Exercise prompt:
No pictures in the copy. Write out the listing below exactly.

**** Information provided

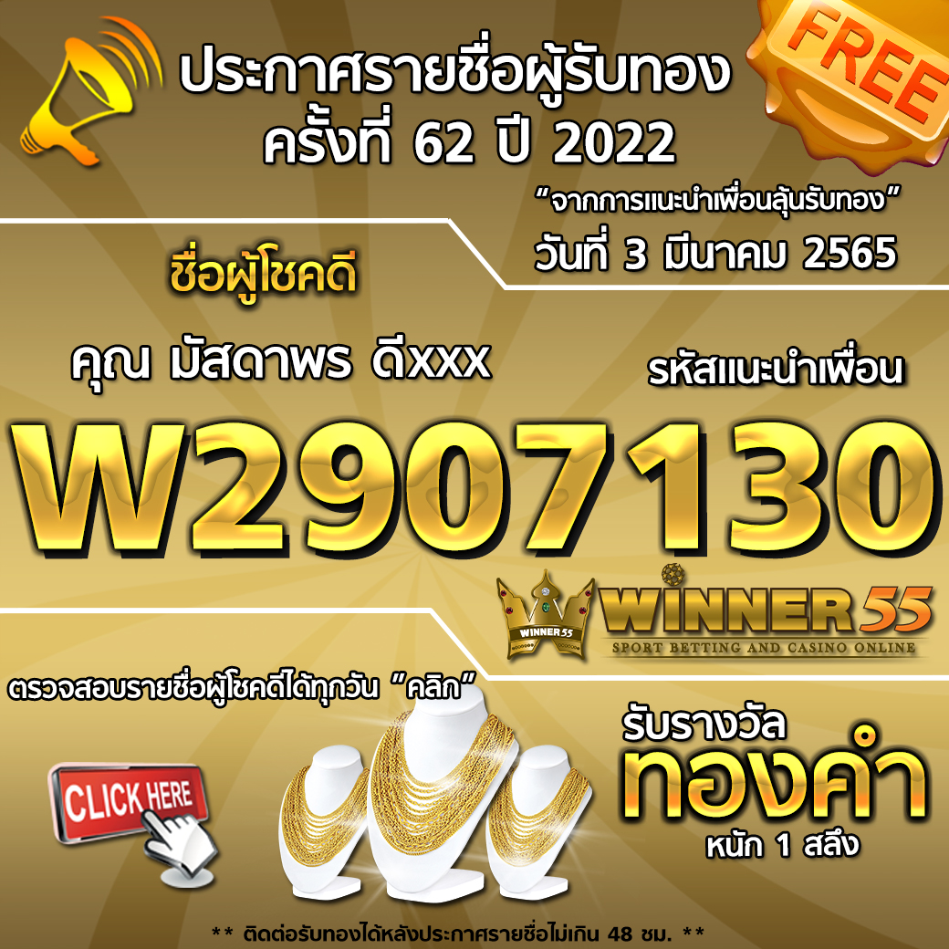 ประกาศรายชื่อผู้โชคดี คุณ มัสดาพร ดีxxx ได้รับทองคำหนัก 1 สลึง ประจำวันที่ 3 มีนาคม 2565 03/03/2022
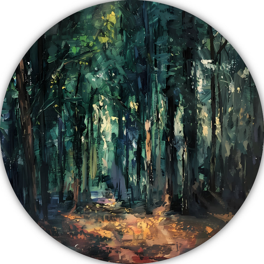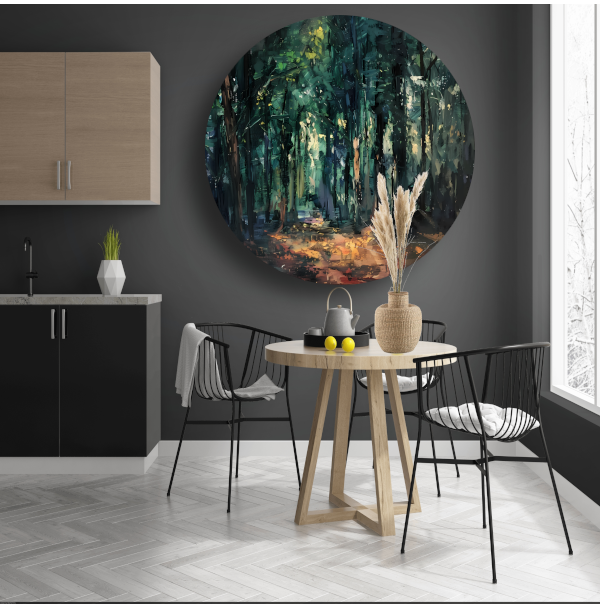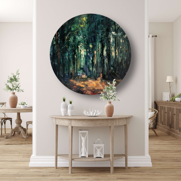 Kleurrijk impressionistisch bos met zonlicht forex muurcirkel
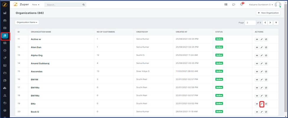 1. Select the “Organizations” module from the left
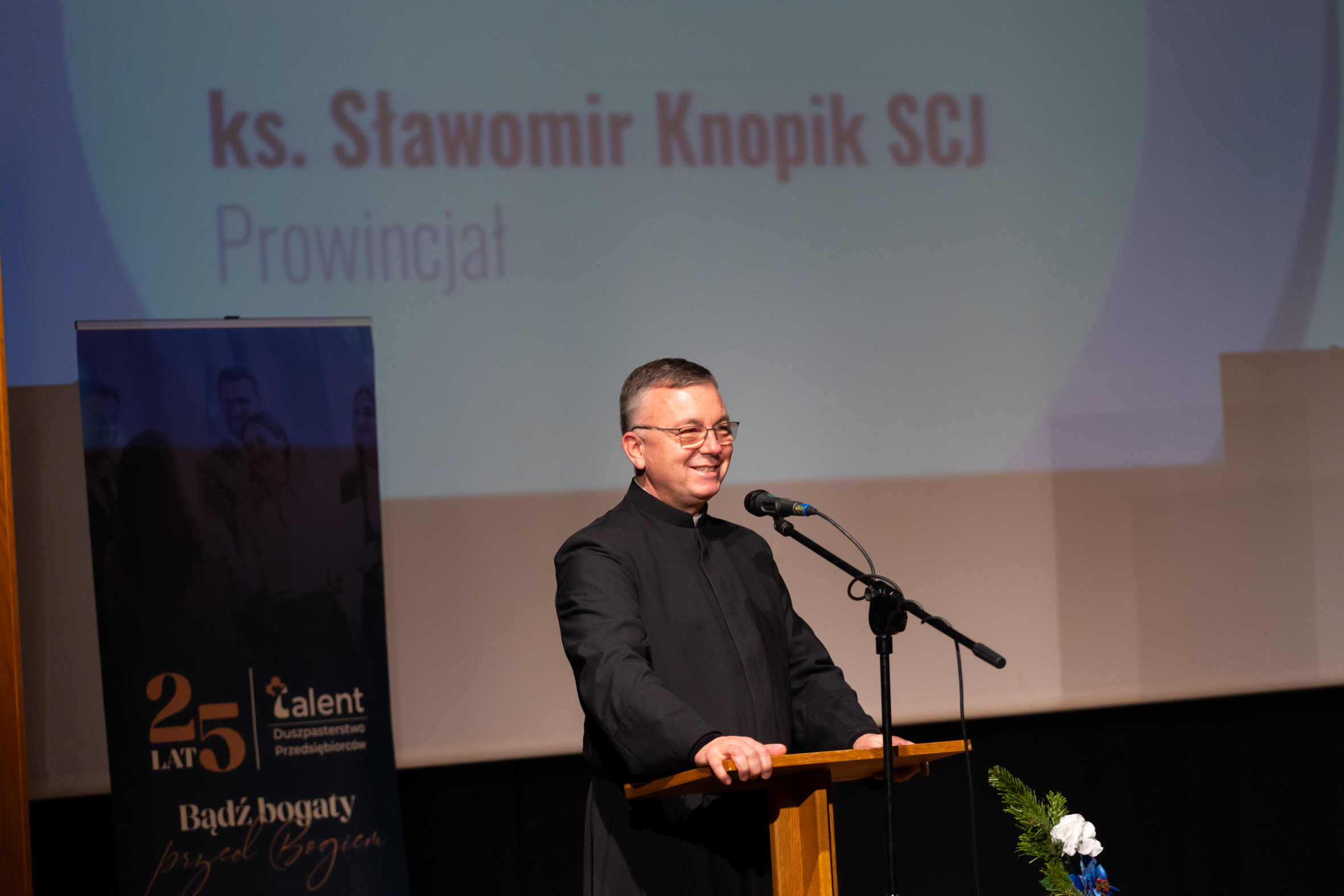Zebranych w bazylice przywitał ks. Zbigniew Bielas. – Drodzy Uczestnicy Jubileuszu XXV-lecia Duszpasterstwa „Talent” i Pielgrzymki Przedsiębiorców i Pracodawców! Już po raz dwudziesty pierwszy przybywacie do Sanktuarium Bożego Miłosierdzia, aby w tym miejscu rozwijać wyobraźnię miłosierdzia i umacniać troskę, by Wasza działalność była zgodna z wymogami ewangelicznej miłości i sprawiedliwości społecznej. – dodał. „Bądź bogaty przed Bogiem” – to hasło, które towarzyszy Waszej tegorocznej pielgrzymce.

********

Reply to the exercise:
 ประกาศรายชื่อผู้โชคดี คุณ มัสดาพร ดีxxx ได้รับทองคำหนัก 1 สลึง ประจำวันที่ 3 มีนาคม 2565 03/03/2022
 Kleurrijk impressionistisch bos met zonlicht forex muurcirkel
 1. Select the “Organizations” module from the left
Zebranych w bazylice przywitał ks. Zbigniew Bielas. – Drodzy Uczestnicy Jubileuszu XXV-lecia Duszpasterstwa „Talent” i Pielgrzymki Przedsiębiorców i Pracodawców! Już po raz dwudziesty pierwszy przybywacie do Sanktuarium Bożego Miłosierdzia, aby w tym miejscu rozwijać wyobraźnię miłosierdzia i umacniać troskę, by Wasza działalność była zgodna z wymogami ewangelicznej miłości i sprawiedliwości społecznej. – dodał. „Bądź bogaty przed Bogiem” – to hasło, które towarzyszy Waszej tegorocznej pielgrzymce.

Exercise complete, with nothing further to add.